**TASK TO CARRY OUT**
Pictures in the records below must be left out. Return exactly the lines from the line with "Primary color is" to the line with "Wykończenie antique —", both included.

**EXERCISE INPUT**
◆ ◆ ◆ ◆ ◆ ◆ ◆
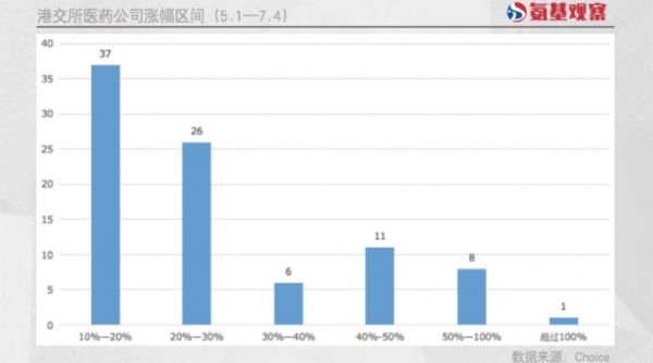 港股共有9家医药公司股价涨幅超过50%;A股这一数字则达到21家。如果把涨幅放宽至30%,两市“牛股”已经超过100家。
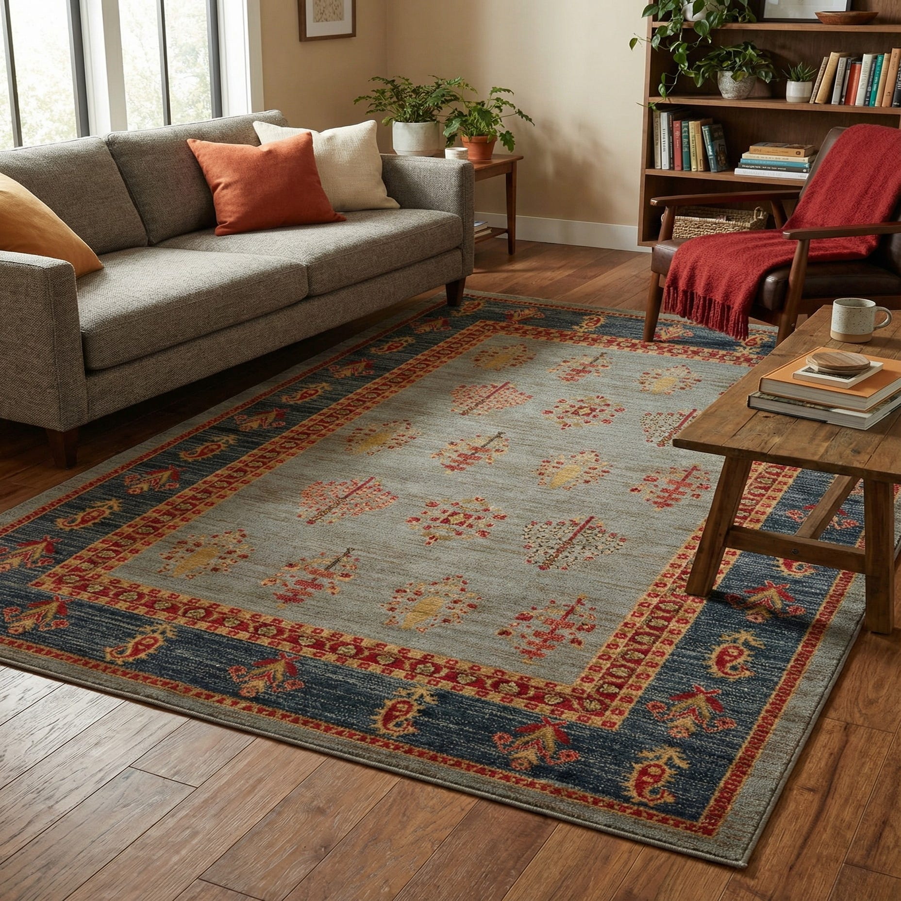 Primary color is Light Blue. Colors in this rug include: Light Blue, Blue, Gray, Light Brown, Red, Tan.
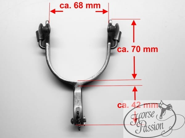 Wykończenie antique — ciemna, matowa stal szara — to klasyka roboczego sprzętu western, który wygląda "noszony" już od pierwszego dnia. Rowel 10-ramienny stalowy z zaokrąglonymi czubkami daje delikatne, precyzyjne działanie odpowiednie dla młodego jeźdźca uczącego się pracy ostrogami. Shank prosty i krótki (42 mm) minimalizuje ryzyko przypadkowego kontaktu. Stalowe guziki mocujące pasek.
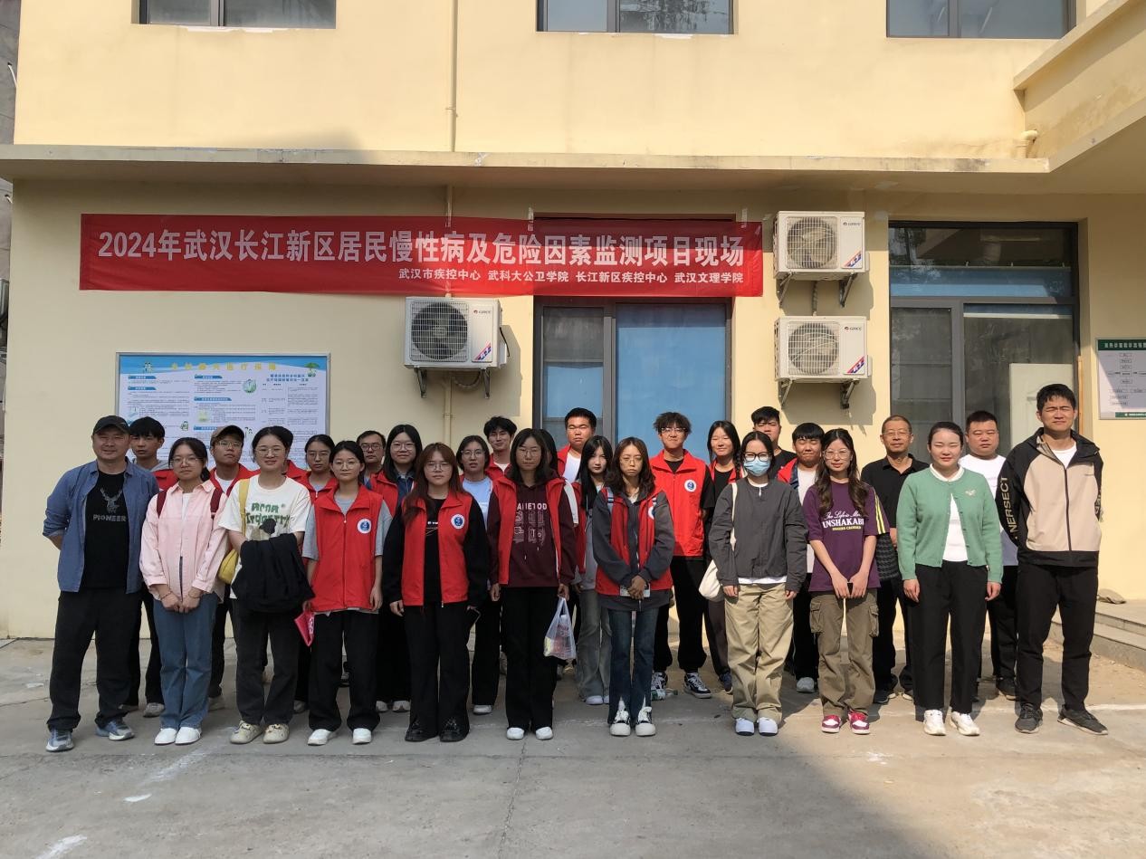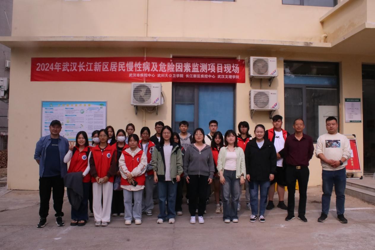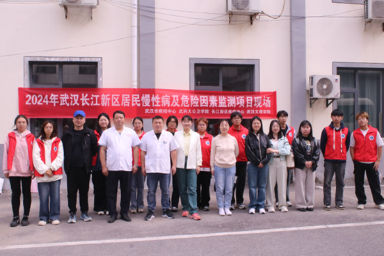 长江新区慢性病及危险因素监测工作首日(10月9日),武汉市疾病巨空中心慢性病所基层卫生室主任朱朝阳和主管医师邓青、长江新区疾控中心副主任袁洋、慢病科负责人伍雅婷、武汉科技大学公共卫生公司经理张玲、球友会志愿者带队老师张萌与球友会志愿者、武汉科技大学公共卫生卫生公司志愿者合影
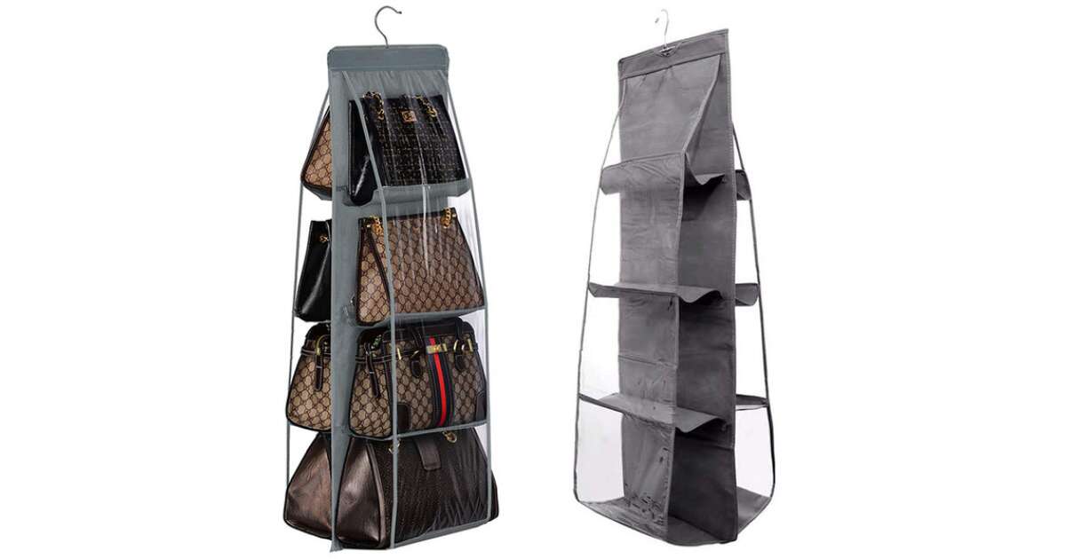 - 8 transparente Fächer zur Aufbewahrung von bis zu 16 Handtaschen
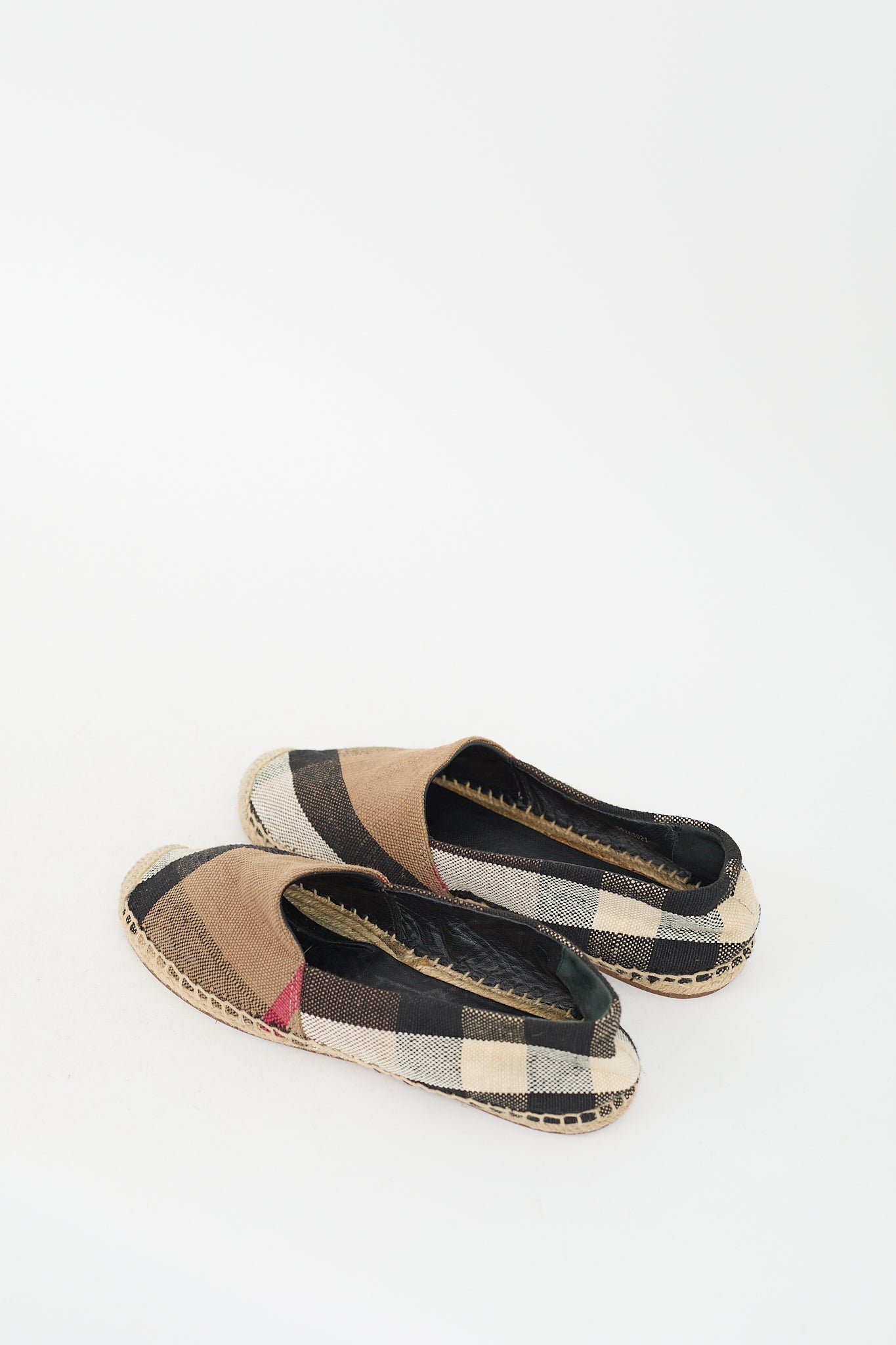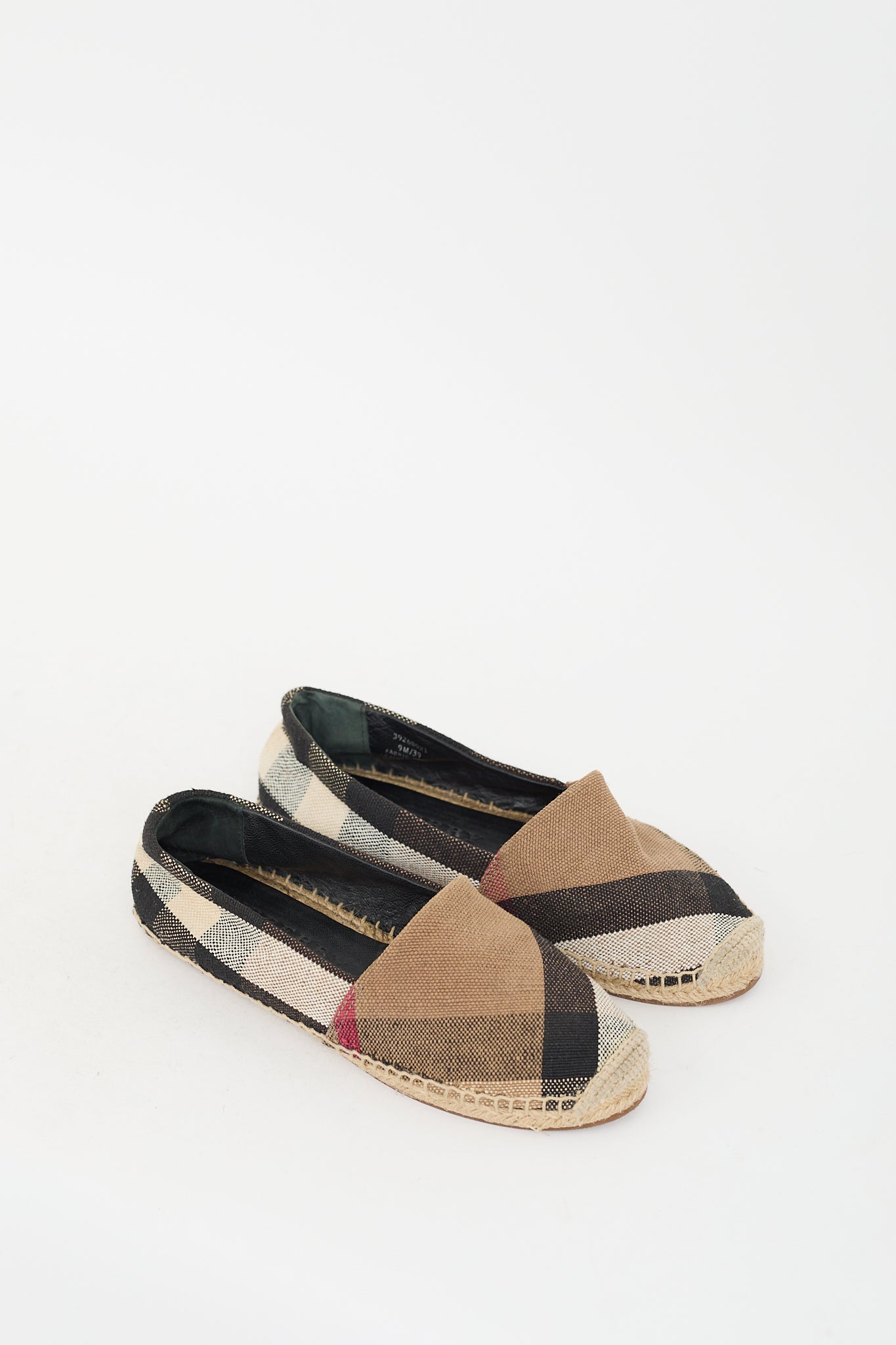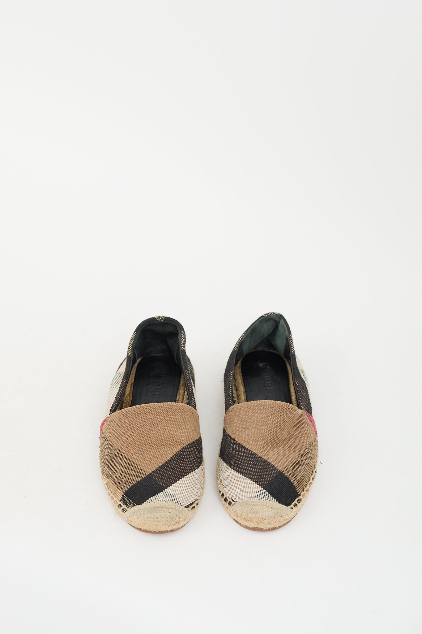 Pre-owned Burberry brown and multicolour espadrilles featuring rounded toe, Nova Check pattern upper, braided midsole, slip on entry, and rubber outsole.
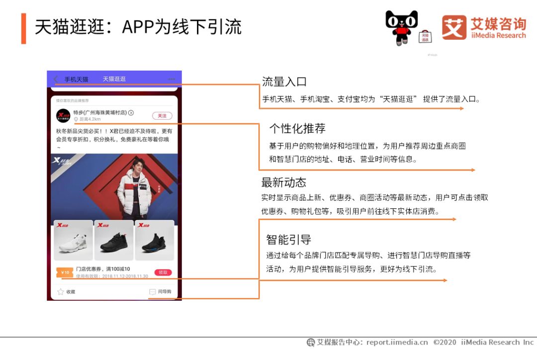 2018年雙十一期間,天貓新零售的重要布局——天貓逛逛正式落地北京、上海、廣州、深圳等12座城市,并且覆蓋100個重點商圈,20萬智慧門店和50萬智能導購,通過APP為線下引流的方式,使線上線下購物深度融合。
◆ ◆ ◆ ◆ ◆ ◆ ◆
**ANSWER TO THIS PROBLEM**
 Primary color is Light Blue. Colors in this rug include: Light Blue, Blue, Gray, Light Brown, Red, Tan.
 Wykończenie antique — ciemna, matowa stal szara — to klasyka roboczego sprzętu western, który wygląda "noszony" już od pierwszego dnia. Rowel 10-ramienny stalowy z zaokrąglonymi czubkami daje delikatne, precyzyjne działanie odpowiednie dla młodego jeźdźca uczącego się pracy ostrogami. Shank prosty i krótki (42 mm) minimalizuje ryzyko przypadkowego kontaktu. Stalowe guziki mocujące pasek.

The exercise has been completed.